Le roman de Dino Buzzati, Le Désert des Tartares, synthèse de huis clos et d’horizons infinis, devait naturellement séduire et effrayer les cinéastes. Antonioni, Visconti, Lean pensèrent s’y confronter ; c’est finalement Valerio Zurlini qui le porta à l’écran. Par la même occasion, il propose une interprétation tardive et originale du leitmotiv mélancolique de l’irréductible distance entre les hommes, si prégnant dans le cinéma italien d’après-guerre. Le film participe de ces œuvres presque grandes mais un peu ratées, qui n’emportent pas l’adhésion, mais frappent l’imagination.
Le Désert des Tartares est l’histoire de l’épuisement du motif héroïque dans une vie de garnison absurde. Drogo, jeune officier ambitieux, va prendre son service à la forteresse de Bastiani, aux confins de l’Empire. Le voyage est somptueux – les plans sont tournées en Iran, dans les déserts de rocaille entourant la cité antique de Bam – et Bastiani se révèle, dans sa majesté solitaire, comme un foyer de sens et d’histoire au milieu du désert. C’est l’unique fois où le fort se donne comme image cohérente, commensurable, humaine. Devenu lieu de l’« action », sa géographie devient biscornue et confuse. Zurlini ne procède pas à l’arpentage des lieux mais juxtapose des fragments d’espace que l’on est bien en peine – et c’est le but – de lier en un tout cohérent.
Cela vaut aussi du « monde » où la forteresse trouve sa place : sans qualité, sans est et ouest, sans nord et sud. Pas un monde précisément, mais un espace et un temps sans déterminations. Zurlini se révèle habile dans la (dé)construction de cet espace-temps sans géographie ni histoire où l’on ne sait où se trouve la frontière, la redoute, et où l’on s’aperçoit après coup du vieillissement des personnages, sans avoir eu l’idée du temps qui passe. Dans ce cadre, l’organisation de la vie de garnison et ses rapports de pouvoir apparaissent arbitraires, et d’une absurdité kafkaïenne.
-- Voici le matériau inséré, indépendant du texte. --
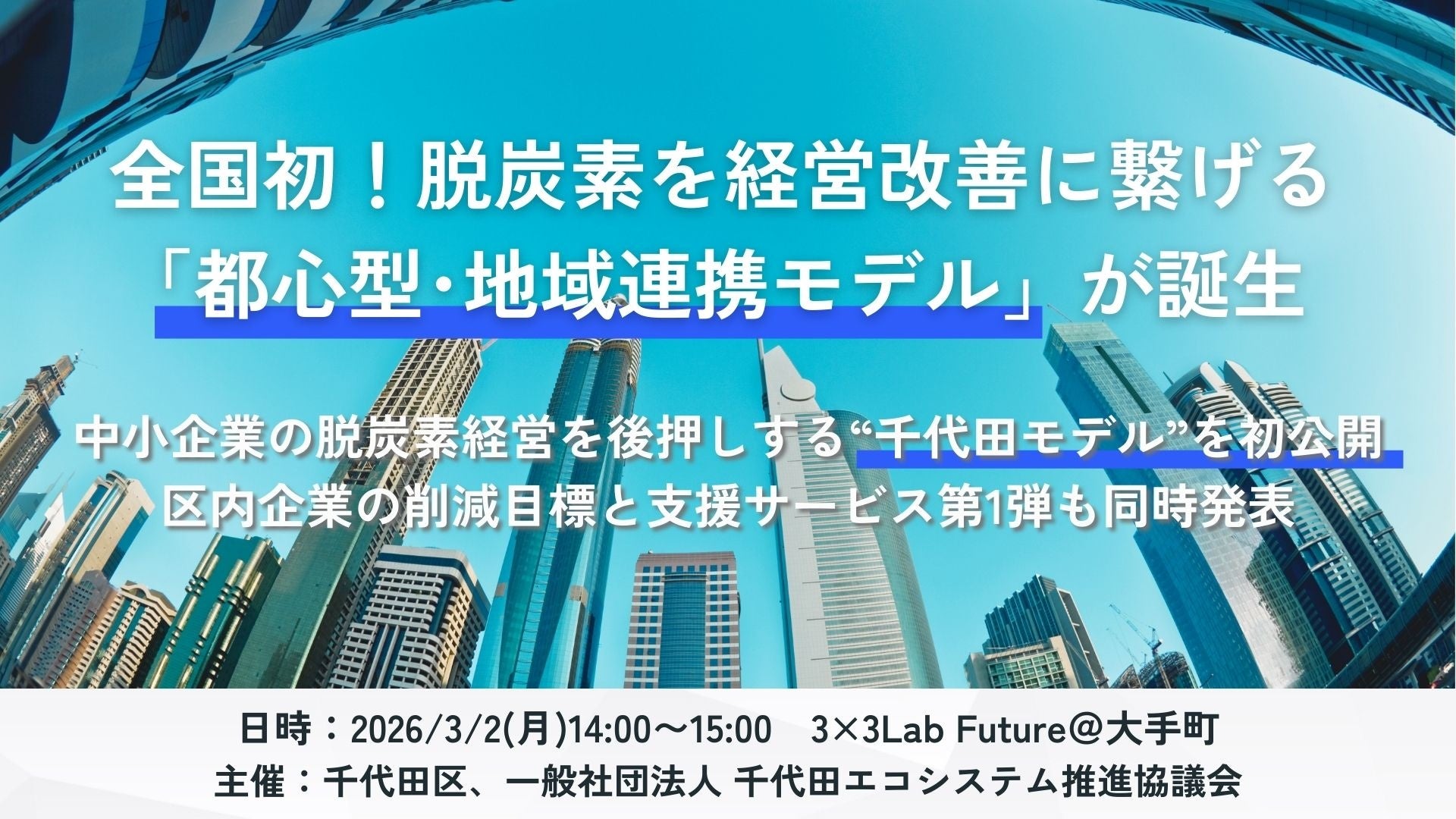 千代田区は、全国初となる「都心型・地域連携モデル(千代田モデル)」の発足を宣言します。2025年度に実施した「ちよエコ未来企業スクール」参加企業によるCO₂削減目標の公開に加え、「中小企業向けの脱炭素支援サービス・製品」第1弾を2026年3月2日(月)14時から発表いたします。

Y a‑t-il d’ailleurs des rapports entre les individus ? Il ne paraît en tout cas pas y avoir de véritable relations, sinon de pure rivalité, ou lorsque émergent par fulgurance un amour ou une haine, sans qu’aucune évolution narrative notable ne s’en suive – hors le jeu des départs ou les déplacements des rapports de pouvoir qui vont avec. Le reste du temps, dans une immense passivité, les individus sont incapables de faire lien, d’agir les uns sur les autres ou d’interroger leur situation. Le prestige de la distribution (Philippe Noiret, Jean-Louis Trintignant, Jacques Perrin, Fernando Rey, Francisco Rabal, Helmut Griem, Laurent Terzieff, Vittorio Gassman, Max von Sydow !) renforce l’immense mélancolie de cet univers.
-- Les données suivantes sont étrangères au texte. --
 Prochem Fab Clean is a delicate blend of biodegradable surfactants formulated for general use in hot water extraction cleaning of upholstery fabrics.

Quelques choix de mise en scène font montre d’un pathétique qui apparaît en décalage avec l’intention. Mais si le résultat est en demi-teinte, c’est surtout que la sécheresse affective qui sclérose Bastiani pèse aussi sur le film, qui souffre d’une certaine raideur. Le caractère exclusivement masculin de l’univers n’y est sans doute pas pour rien, quand l’on pense au désir et à la crudité avec lesquels Zurlini filme ses héroïnes (voir par exemple La Fille à la valise ou Le Professeur), et à la violence des sentiments qui les entourent. C’est comme si Zurlini, brillant dans la confusion et l’effusion des sentiments, se trouvait ici un peu à contre-emploi.
Quelques saillies viennent pourtant rompre cette léthargie, objet et danger du film. Ainsi de la scène de chasse au sanglier où les corps se libèrent en même temps que la caméra. Mais ce sont surtout les évocations des Tartares qui viennent donner son souffle au Désert des Tartares : un cheval blanc venu d’on ne sait où, des lumières apparaissant à l’horizon, des silhouettes entrevues dans la brume. Un autre régime d’image vient s’intercaler entre la structuration d’un espace fragmentaire et sans qualité et la description des jeux de prestance stériles des officiers. Des images floues, au statut ambigu : délires individuels, hallucinations collectives, tentatives d’auto-conviction ? Par elles se manifeste l’existence d’un esprit collectif qui rattache finalement les individus à leur lieu. Bastiani, à défaut d’avoir une histoire, se crée une mythologie. Zurlini aurait sans doute dû travailler plus avant dans cette direction, indéniablement la plus intéressante du film. Cela aurait donné une matière plus sensible au mystère qui enveloppe le désert, et qui reste finalement un peu théorique.